By Vivek Bakshi, EUV Litho, Inc.
The 2016 EUVL Workshop was held last month at LBL in Berkeley, where we heard the latest news on EUV Lithography R&D development topics. The keynote talks were given Harry Levinson (GlobalFoundries), Britt Turkot (Intel) and Igor Fomenkov (Cymer/ASML). There were progress reports on the current technical areas of focus that I will talk about below. However, I would like to point out first that since the Workshop ended, both TSMC and Samsung have announced plans to use EUV Lithography in production at the 7 to 5 nm node. Both expect to receive the NXE3400 production-level EUVL scanner during the first half of next year, which they will adapt for 7 nm node products. This speaks for itself in terms of EUVL readiness for production.

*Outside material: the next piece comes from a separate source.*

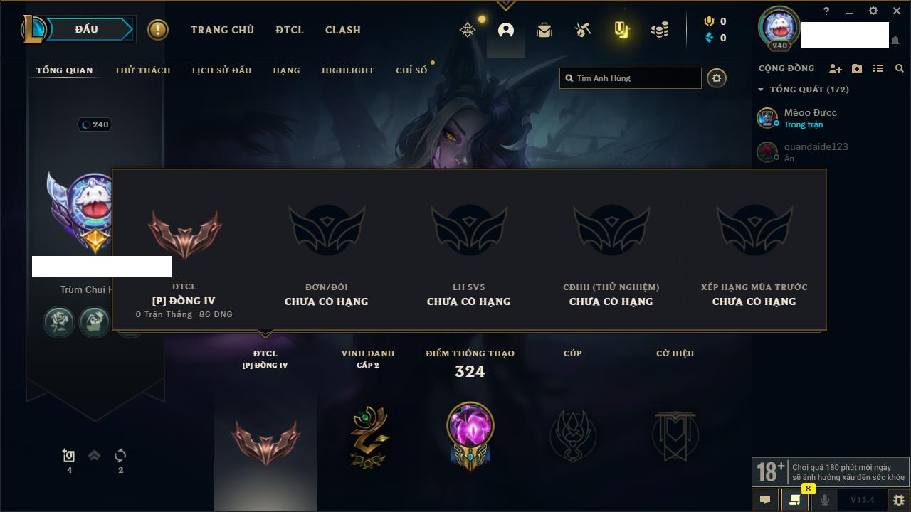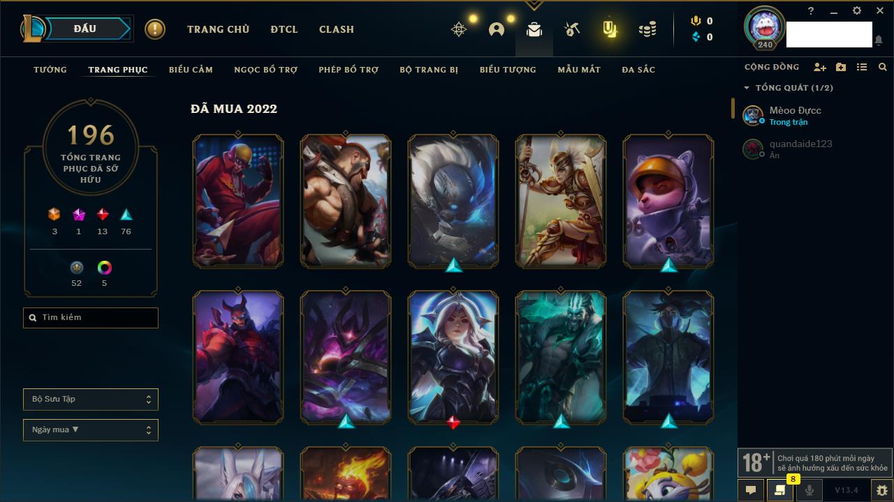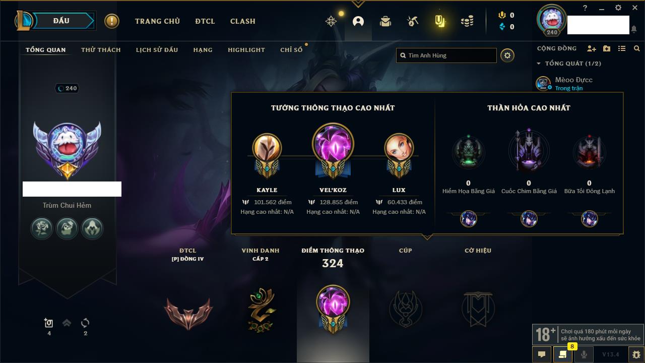 Rank Đơn: Bạc IIIKhung: BạcTướng: 168 - Còn 101710 THXTrang Phục: 184Rank ĐTCL: Chưa RankLinh Thú: 17

EUV source power continues to make progress, with meaningful demonstration of >200 W by both Cymer (an ASML company) and Gigaphoton. Both suppliers now think that 500 W EUV power is feasible. Not long ago, sources appeared to be the main obstacle to the introduction of EUVL into commercial production. However, presenters from Cymer (Igor Fomenkov) and Gigaphoton (Hakaru Mizoguchi) convinced me that 250 W (and hopefully 500 W) are achievable. For this reason, both Igor and Mizoguchi-san deserve to be called the “Saviors of EUVL.” Of course, they each represent a large group of multi-disciplinary teams, who have achieved a goal that many thought impossible. True, sources still need to meet operational cost and uptime goals in order to satisfy manufacturing requirements. However, steady progress is being made on this front, as pointed out by Intel in their keynote talk. I also expect 200+ W to be achieved in fabs sometime in 2017.

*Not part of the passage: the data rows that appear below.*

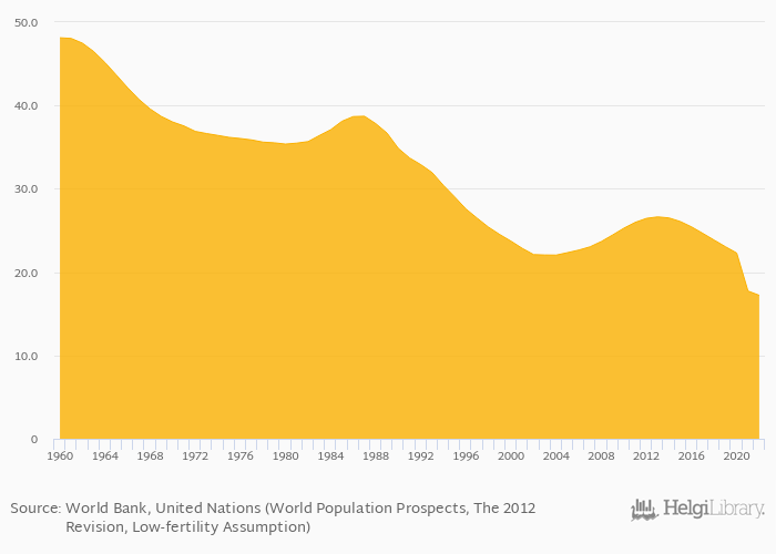Historically, crude birth rate per 1,000 people in Turkmenistan reached an all time high of 48.1 births in 1960 and an all time low of 17.2 births in 2022. When compared to Turkmenistan's main peers, crude birth rate per 1,000 people in Afghanistan amounted to 28.7 births, 14.1 births in Iran, 16.4 births in Kazakhstan and 17.1 births in Uzbekistan in 2022.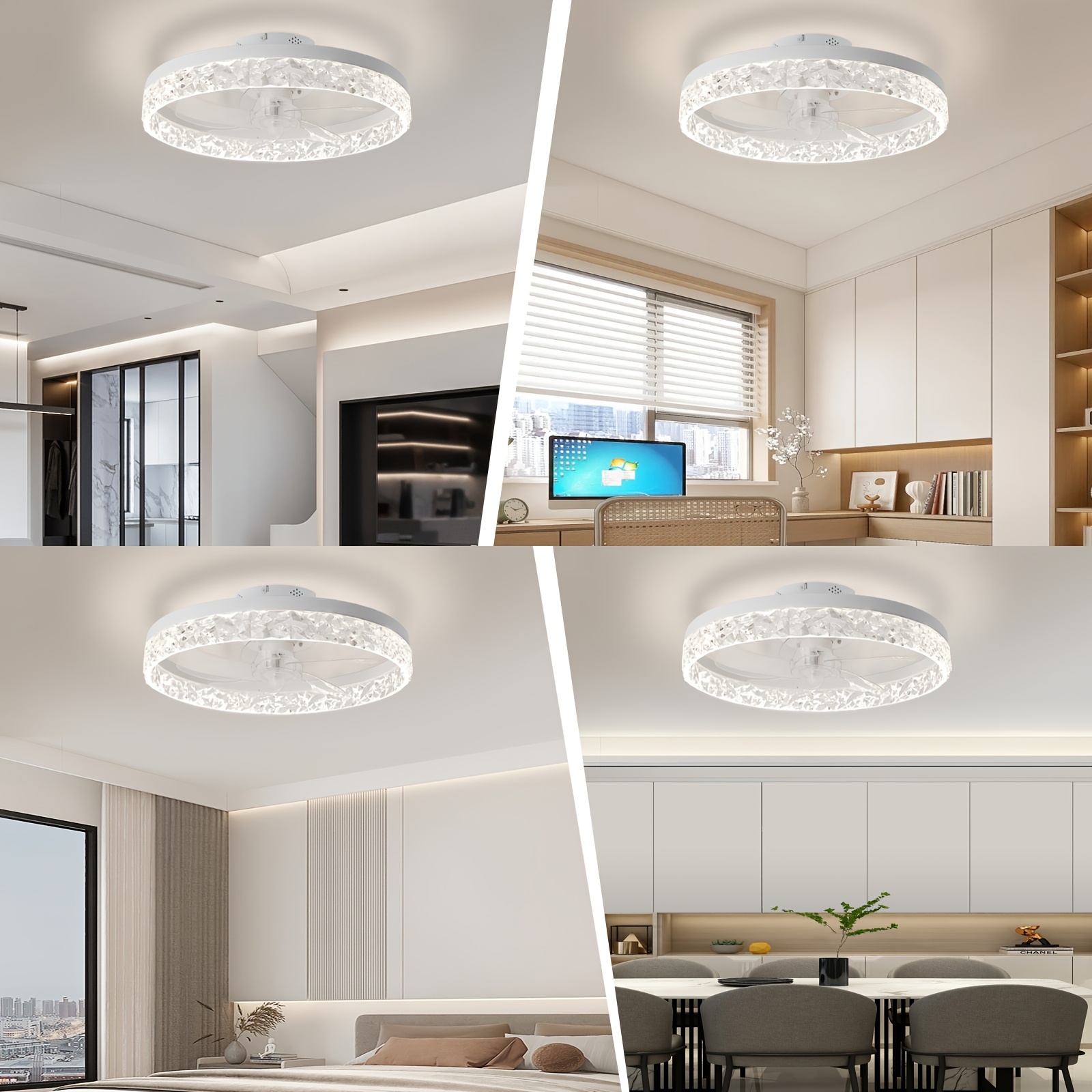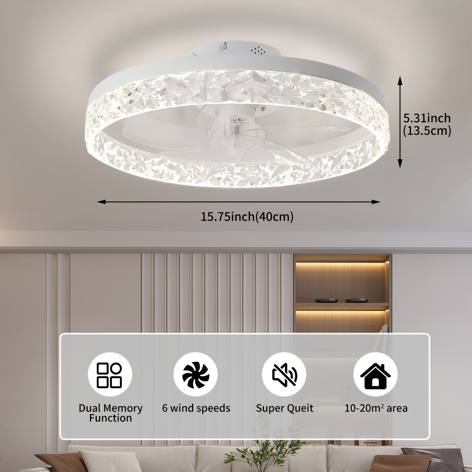 Thin Ceiling Fan with Light, 15.7-Inch Ceiling Fan with Light, Dimmable Embedded LED Fan, 3 Colors, 6-Speeds, Suitable for Bedroom, Living Room, Dining Room, Kitchen
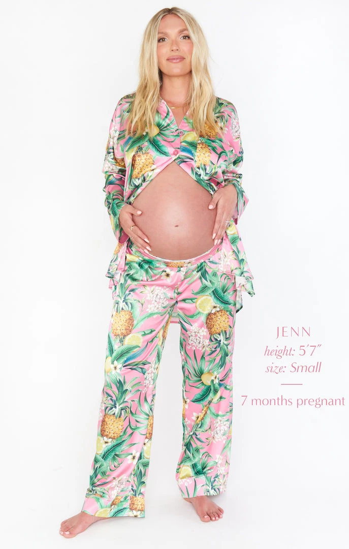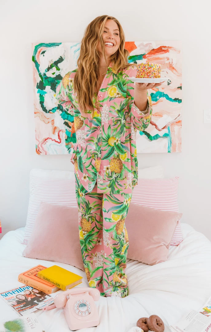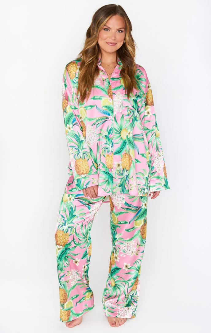Find your slice of paradise without leaving bed. This button down long sleeve and matching pants set elevate the pj game! Keep it cozy casual in the full set, or add the Hangout tank and your fave Mumu denim to bop around town!

Although chip makers have figured out how to live with mask defects for now via defect avoidance and repairs, mask defect reduction is certainly on the wish list. Patterned mask defect inspection (PMI) is being done in different ways, with wafer inspection being one of them. Alternate PMI techniques were discussed in the presentations as well during the Workshop. Lack of a specific PMI tool remains a key issue for cost-effective, EUVL based manufacturing. I believe that lack of commercial metrology EUV sources that meet brightness requirements to support PMI and other actinic inspection tools remains a big gap, but no one seems to be coming forward and addressing this deficiency. We know we need it, so why not work on it? It is going to get more expensive without a PMI tool and other inspection tools with low throughput in the absence of a bright EUV metrology source.
Pellicles to protect masks can now withstand 125 W of thermal load, with 250 W as the present goal. I see progress, but we are not at 250 W yet.
The Industry is finally realizing that in order to make substantial progress in developing EUV resists, we need to get back to basics and better understand how they work. As EUV resists operate differently than 193 nm resists (via secondary electrons), there’s a lot that we still need to understand. There was a good set of papers on this topic, led by Frank Ogletree of LBL and others. I certainly hope that we will see lots of industry support for his work, as the return on investment on such basic research is sure to be huge.
The Workshop was moved to CXRO, LBL in Berkeley, CA this year. This year’s Workshop, the ninth to date, was the best- attended yet and offered the most papers ever. Participants found the new location very convenient with regard to travel logistics and access to area colleagues working on EUVL. CXRO continues to be a leader in EUVL R&D and has recently announced a new consortium, EUREKA, that will support continued EUVL development.
The Workshop proceedings can be downloaded at www.euvlitho.com.